Pathogenesis, Primary Lesion and Clinical Signs: This is a somewhat common condition of dogs of dogs. This condition is characterized histologically by lupoid changes at the claw matrix (i.e., damage of basal layer / basement membrane zone of the claw). This causes weakening of the attachment of the claw and sometimes intra-nail hemorrhage (purple color inside the claw. The first symptom noted in the acute phase is often sloughing of a claw. This may be interpreted as a "gee whiz" by the client but soon other nails start to fall off. Eventually most nails are affected. As nails regrow, they are misshapen, brittle, and soft. In my experience this is painful in the acute phase and less painful in the chronic phase (when there is regrowth of nails after initial sloughing). Dogs are otherwise healthy with no other dermatologic signs. Most cases of SLO are idiopathic; there are a few reports of SLO associated with food hypersensitivity, which makes us wonder if SLO should not be considered a diagnosis but rather a reaction pattern of the nail to various immunologic insults (such as drug reaction, food hypersensitivity, etc).

Diagnosis Points: 1) There are not many conditions that will cause "20 nail dystrophy" in an otherwise healthy pet than SLO. Infectious causes and neoplasia affected 1 or sporadic claws; if PF affects the nails, it will cause other dermatologic changes. 2) Diagnosis is made by amputating an affected P3 and submitting for histopath. 3) Every time I have done this, my path report reads: "changes consistent with but not diagnostic for SL)." 1+2+3 = I've stopped doing biopsies on these cases.

Therapy Points: The cornerstone of therapy is use of fatty acids (omega 3's and 6's). Cases that do not respond to FA's can be tried on tetracycline + niacinamide. There are reports of very refractory cases that are eventually treated by surgical removal of all nails. These dogs will respond to steroids but often the side effects are worse than the disease and surgery offers a chance to cure.

Points on clinical management of immune mediated diseases

The cornerstone treatment of most IM diseases is corticosteroid therapy. The initial dosing of steroids should be high (see table below) and should not be tapered until the disease is at least 75% improved.. My preferred tapering regime is to decrease the dose by about 25% every 2 weeks, with my first goal being to get to alternate day therapy to minimize side effects. I would rather have a patient on 40 mg of prednisone every other day than 20 mg once a day. Patients receiving higher steroid doses, especially daily, need to be monitored for UTI via urine cultures. Owners need to be instructed to monitor for signs of GI ulceration.

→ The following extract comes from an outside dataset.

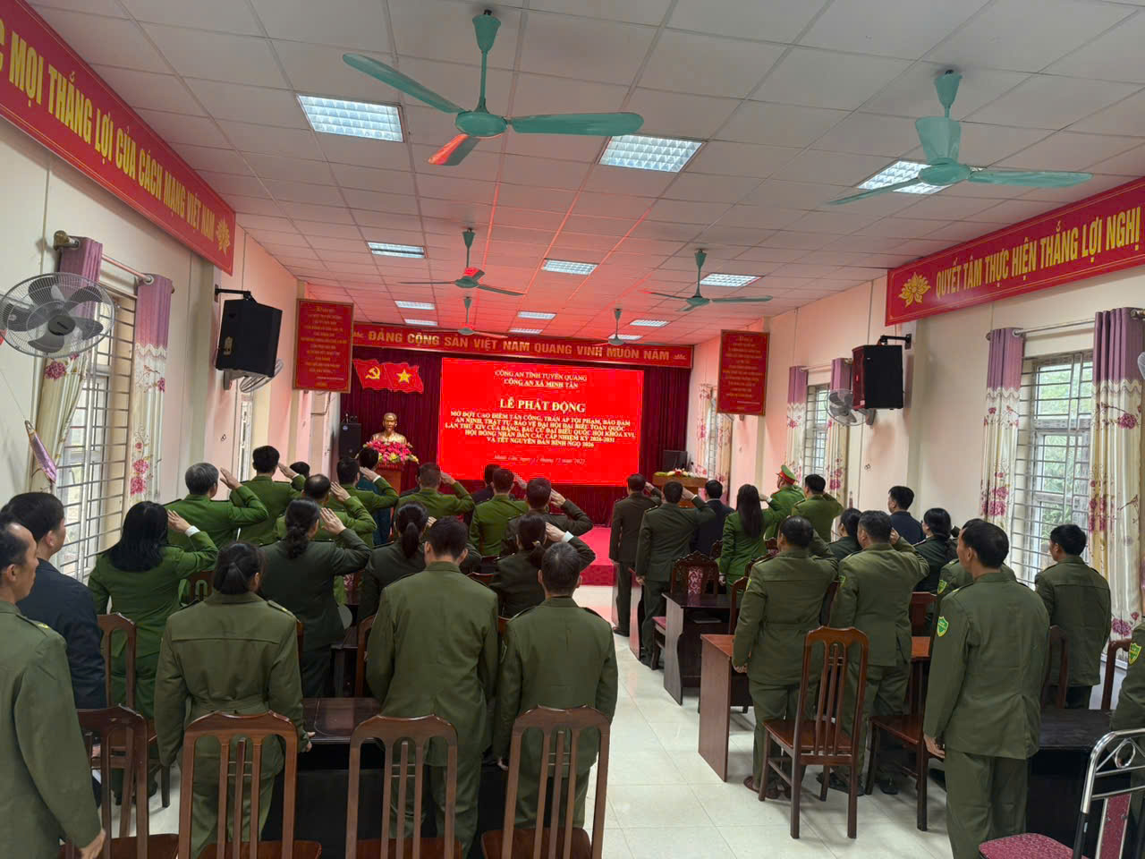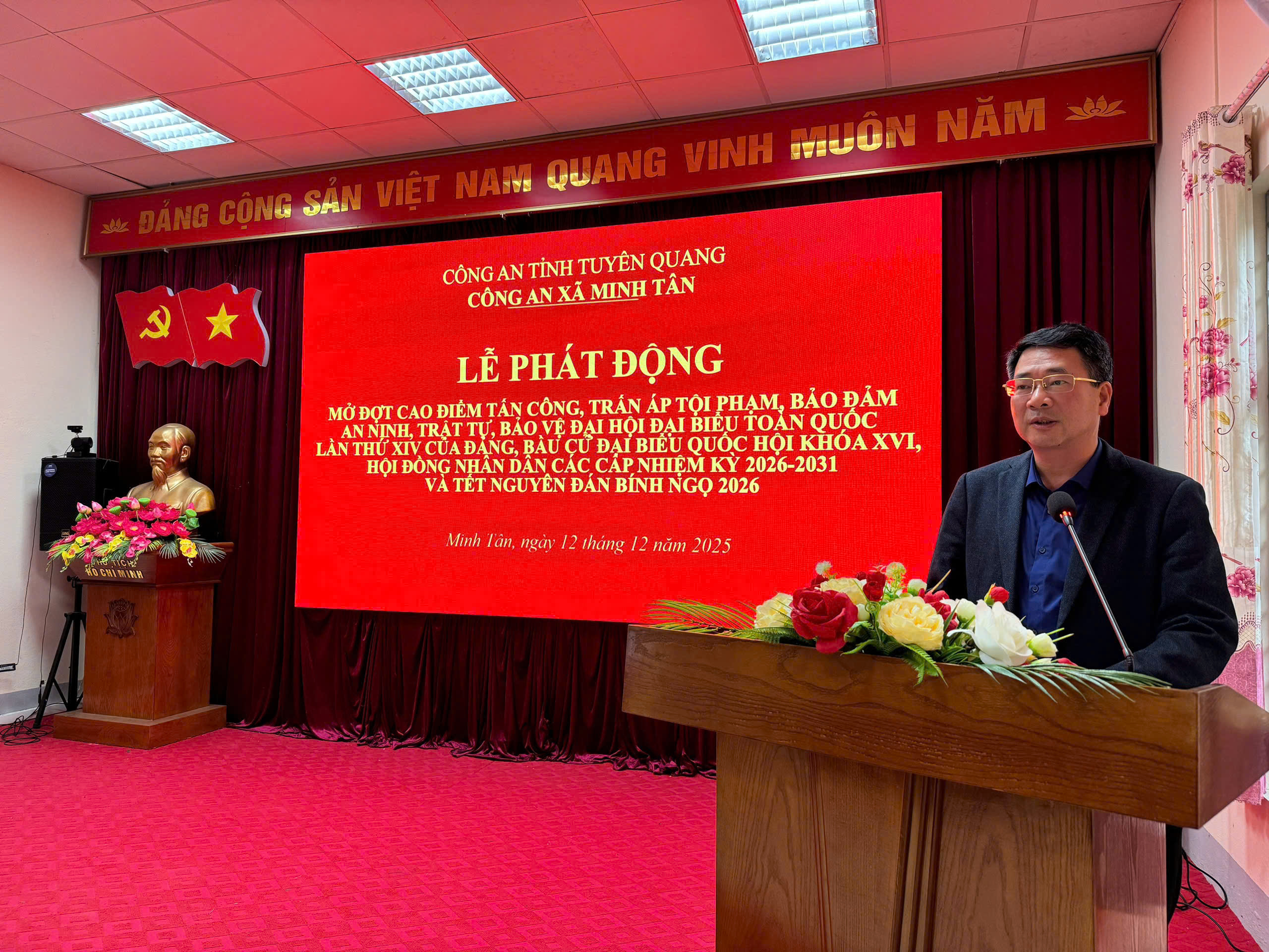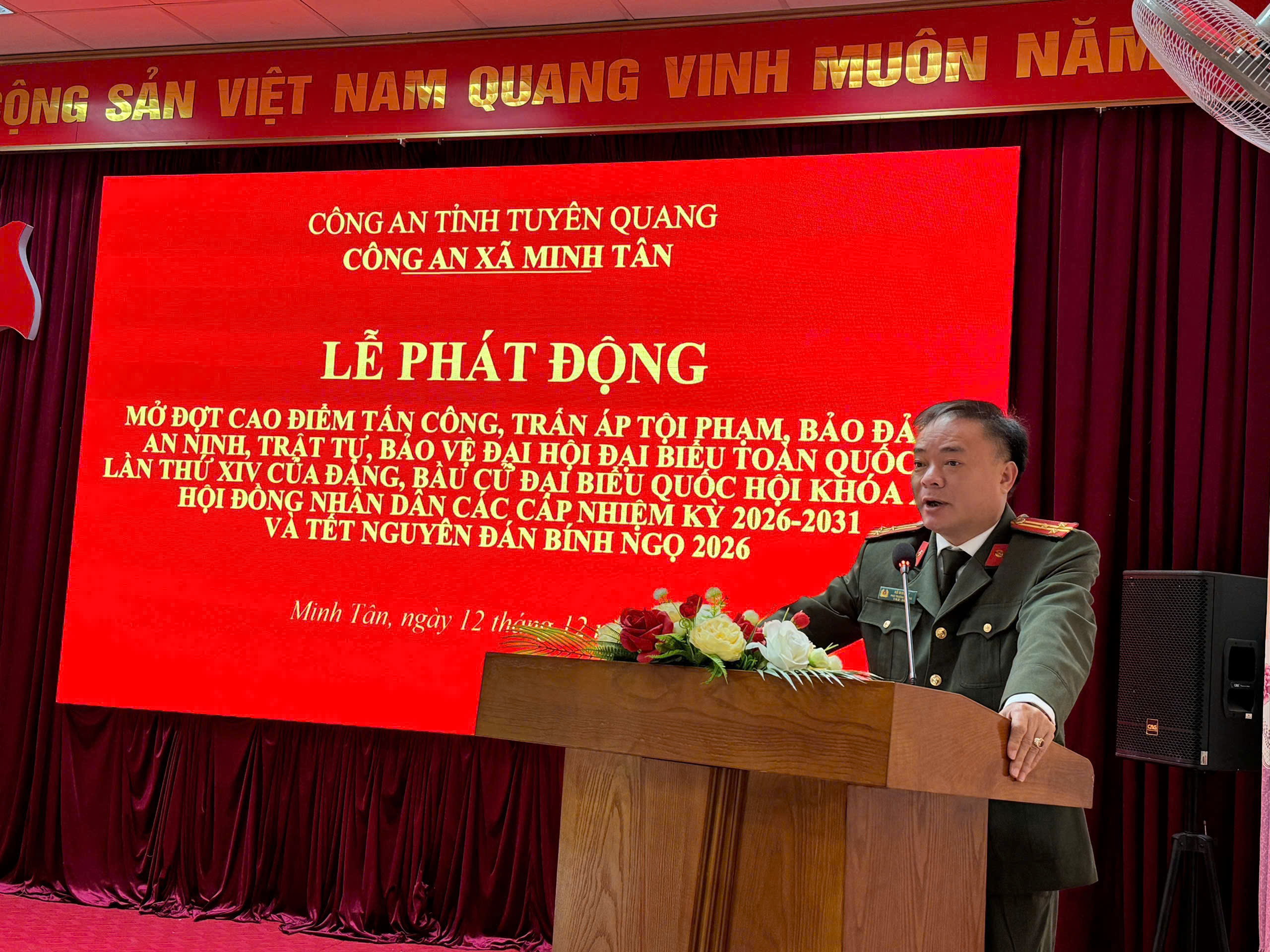 Thực hiện mệnh lệnh của đồng chí Giám đốc Công an tỉnh về việc đồng loạt ra quân thực hiện cao điểm tấn công, trấn áp tội phạm, đồng chí Thượng tá Hồ Minh Uy đã yêu cầu chỉ huy, cán bộ Công an xã Minh Tân triển khai đồng bộ, quyết liệt các biện pháp nghiệp vụ, nêu cao tinh thần trách nhiệm, tận tụy, chủ động hoàn thành tốt mọi nhiệm vụ được giao. Quyết tâm bảo vệ tuyệt đối, an toàn Đại hội đại biểu toàn quốc lần thứ XIV của Đảng, bầu cử đại biểu Quốc hội khóa XVI, Hội đồng nhân dân các cấp nhiệm kỳ 2026 - 2031 và tết Nguyên đán Bính Ngọ 2026. Tại buổi Lễ, đồng chí Vi Quang Ngọc, Phó Bí thư Đảng ủy, Chủ tịch UBND xã Minh Tân đã phát biểu ghi nhận những đóng góp trong công tác bảo đảm an ninh, trật tự của lực lượng Công an xã đồng thời tin tưởng rằng năm 2026 với nhiều sự kiện chính trị trọng đại của đất nước, địa phương diễn ra, lực lượng Công an xã sẽ hoàn thành xuất sắc nhiệm vụ bảo đảm an ninh, trật tự trên địa bàn. Với quyết tâm cao, ngay sau Lễ ra quân, lực lượng Công an xã, 14 Tổ an ninh trật tự trên địa bàn đã đồng loạt ra quân diễu hành trên các tuyến đường liên thôn, xã, chính thức ra quân thực hiện cao điểm tấn công, trấn áp tội phạm, bảo đảm an ninh trật tự trên địa bàn xã Minh Tân./.

Some of my colleagues prefer to hospitalize patients and give very high doses of corticosteroids for the first five days (such as >/= 5 mg / kg prednisone) and quickly taper to alternate day treatment at 1 mg / kg or less.

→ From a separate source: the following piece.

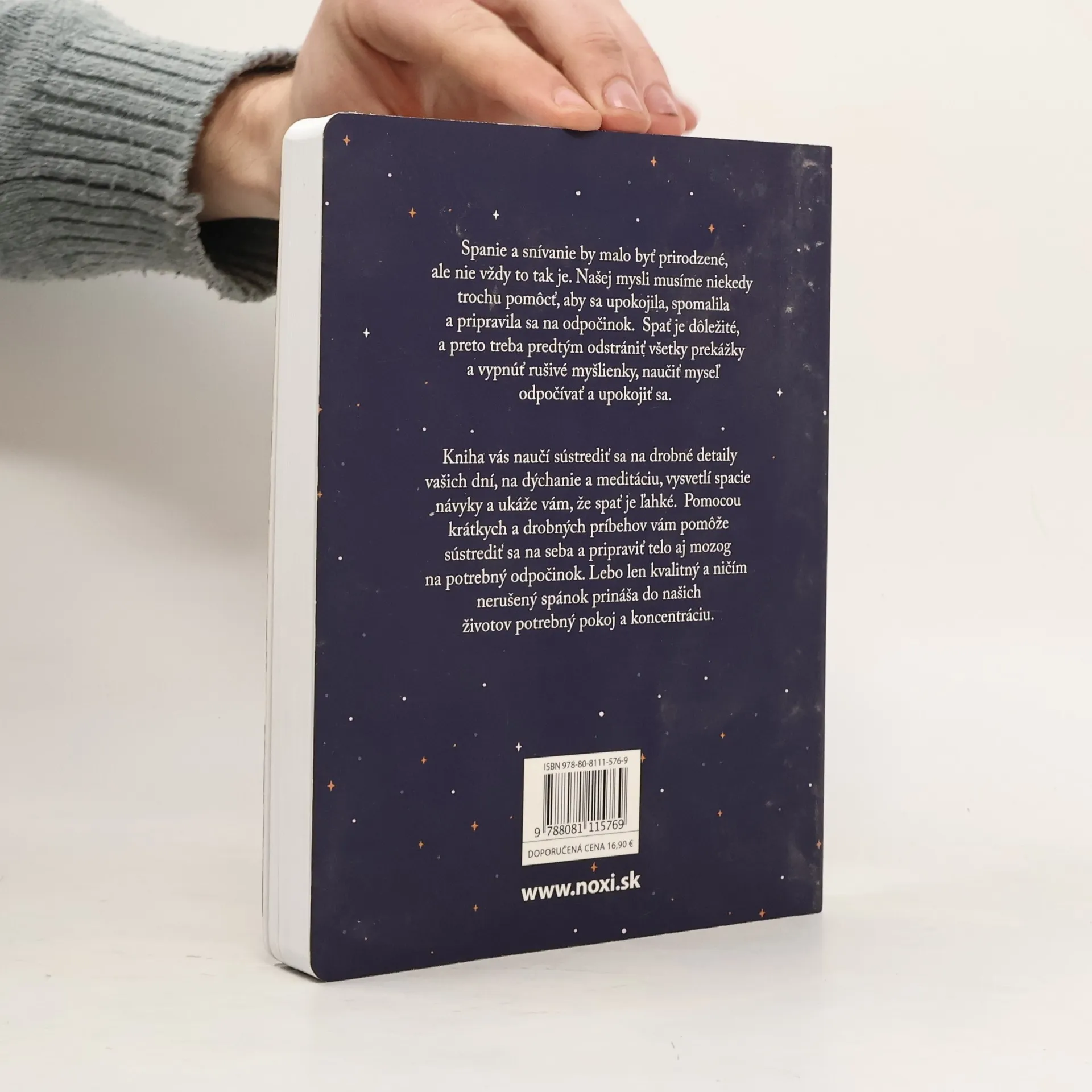Spanie a snívanie by malo byť prirodzené, ale nie vždy to tak je. Našej mysli musíme niekedy trochu pomôcť, aby sa upokojila, spomalila a pripravila sa na odpočinok. Spať je dôležité, a preto treba predtým odstrániť všetky prekážky a vypnúť rušivé myšlienky, naučiť myseľ odpočívať a upokojiť sa. Kniha vás naučí sústrediť sa na drobné detaily vašich dní, na dýchanie a meditáciu, vysvetlí spacie návyky a ukáže vám, že spať je ľahké. Pomocou krátkych a drobných príbehov vám pomôže sústrediť sa na seba a pripraviť telo aj mozog na potrebný odpočinok. Lebo len kvalitný a ničím nerušený spánok prináša do našich životov potrebný pokoj a koncentráciu.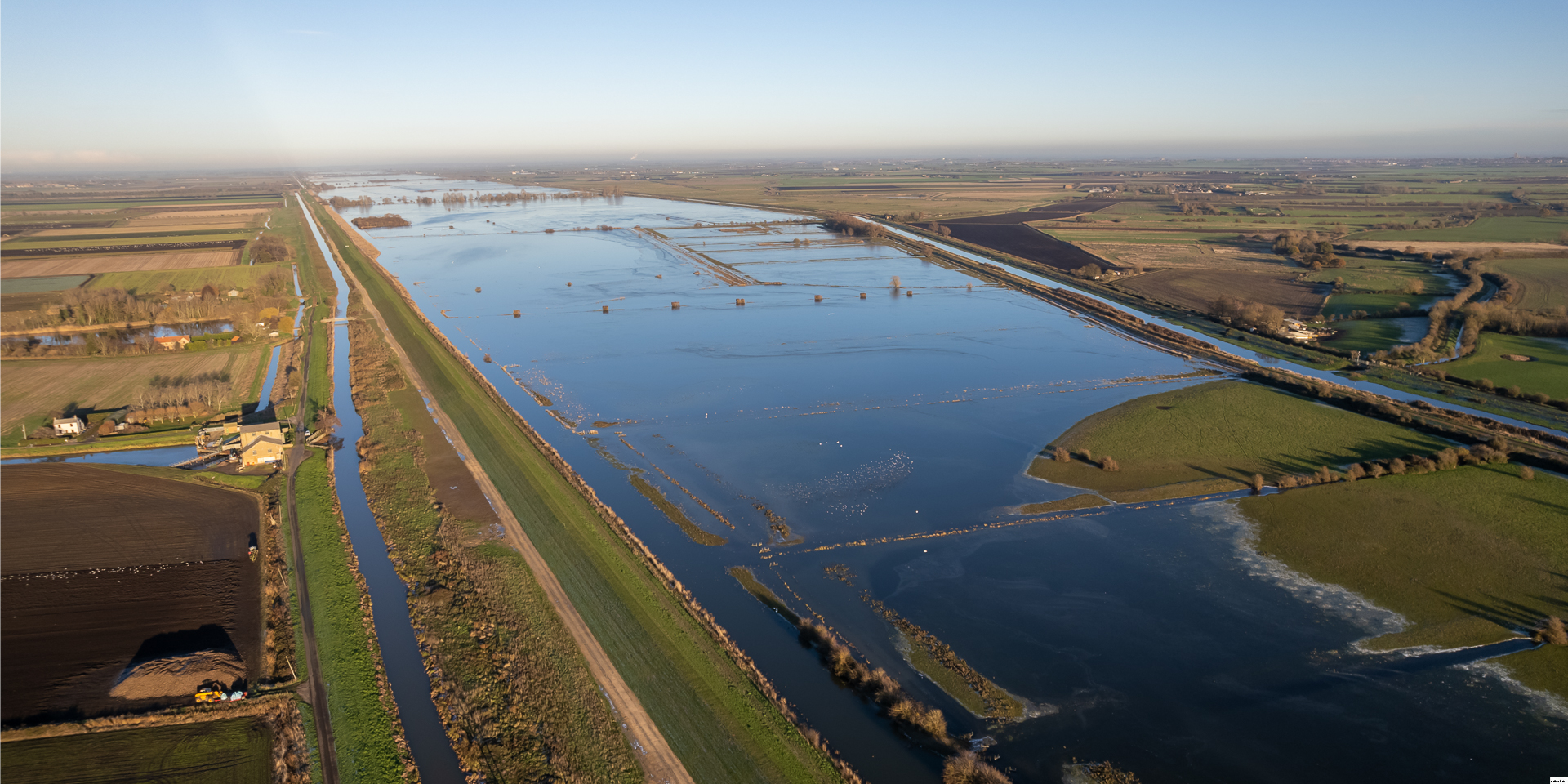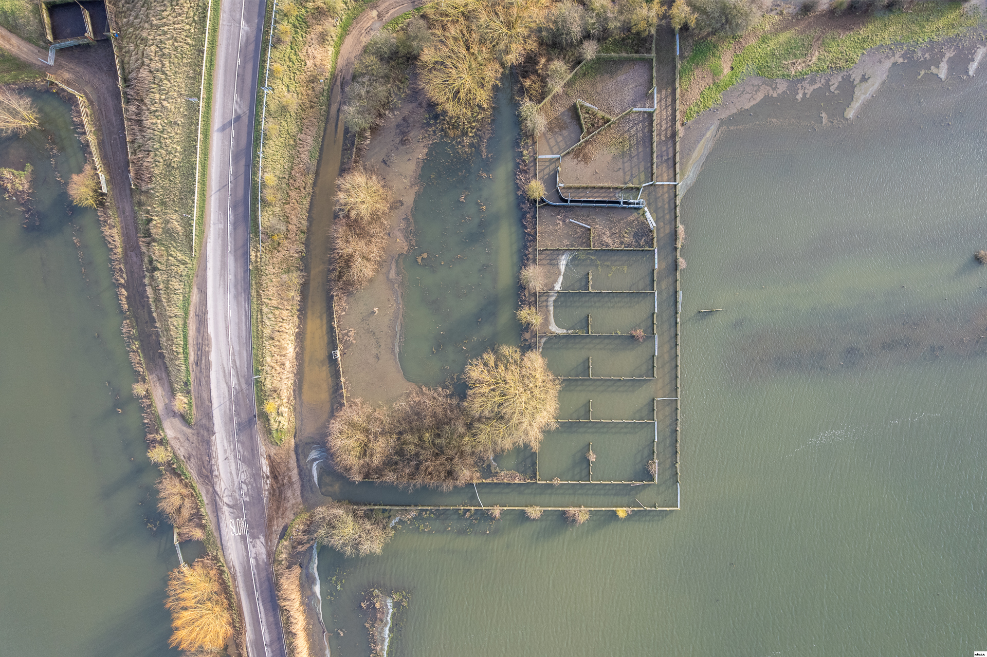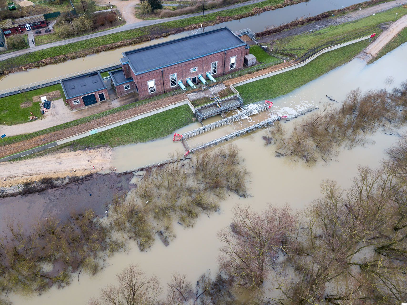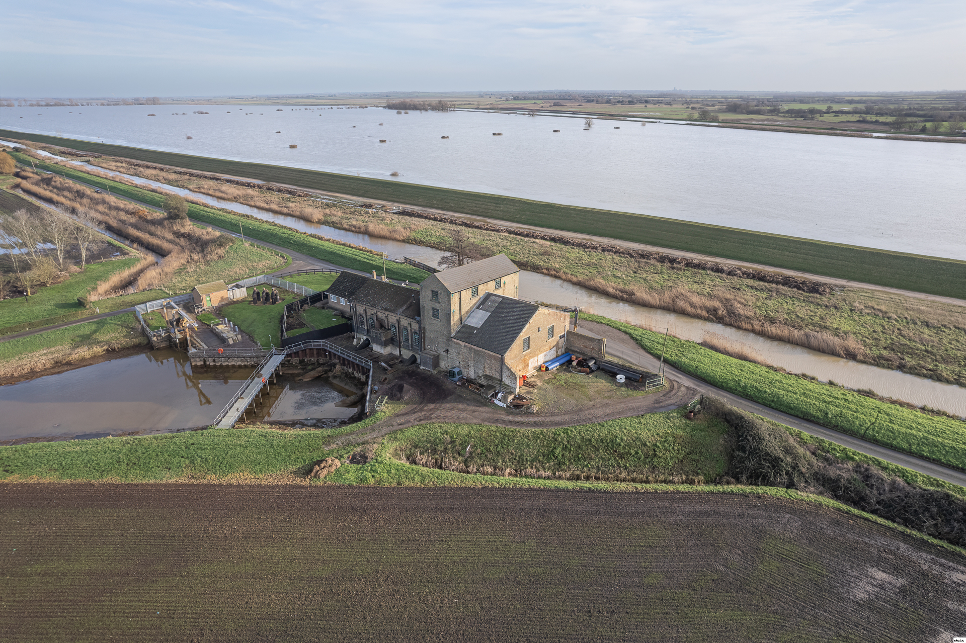 First windmills, then steam engines, and finally diesel engines pumped water into them from the deep dykes and drains criss-crossing the reclaimed land. But in winter, even these rivers could not move water fast enough to keep the low fens from being submerged. The land between them – the Ouse Washes – was grazed by cattle in summer, but in winter it became a huge reservoir, flooded deliberately.

If a patient relapses at greater than 0.5 mg / kg q 48 hrs of prednisone (or equivalent dose of stronger corticosteroid), or the patient has unacceptable side effects at this dose or lower, I will start add in cytotoxic agents such as azathioprine (dogs) or leukeran (cats). Cyclosporine is another less cytotoxic option (for both dogs and cats) but is expensive in larger dogs and has been associated with fatal toxoplasmosis in cats. Once I've started a steroid-sparing medication, after 3 weeks I again taper the steroid dose and / or frequency.

Selected References

Preziosi DE, Goldschmidt MH, Greek JS, et al. Feline pemphigus foliaceus: a retrospective analysis of 57 cases. Veterinary Dermatology 2003, 14, 313–321.

Blackwell Publishing Ltd.

Scott, Miller and Griffen: Small Animal Dermatology, 6th Ed. WB Saunders, 2001.

Morris DO. Immunomodulatory Drugs in Veterinary Dermatology. In Proceedings of the Western Veterinary Conference, 2004.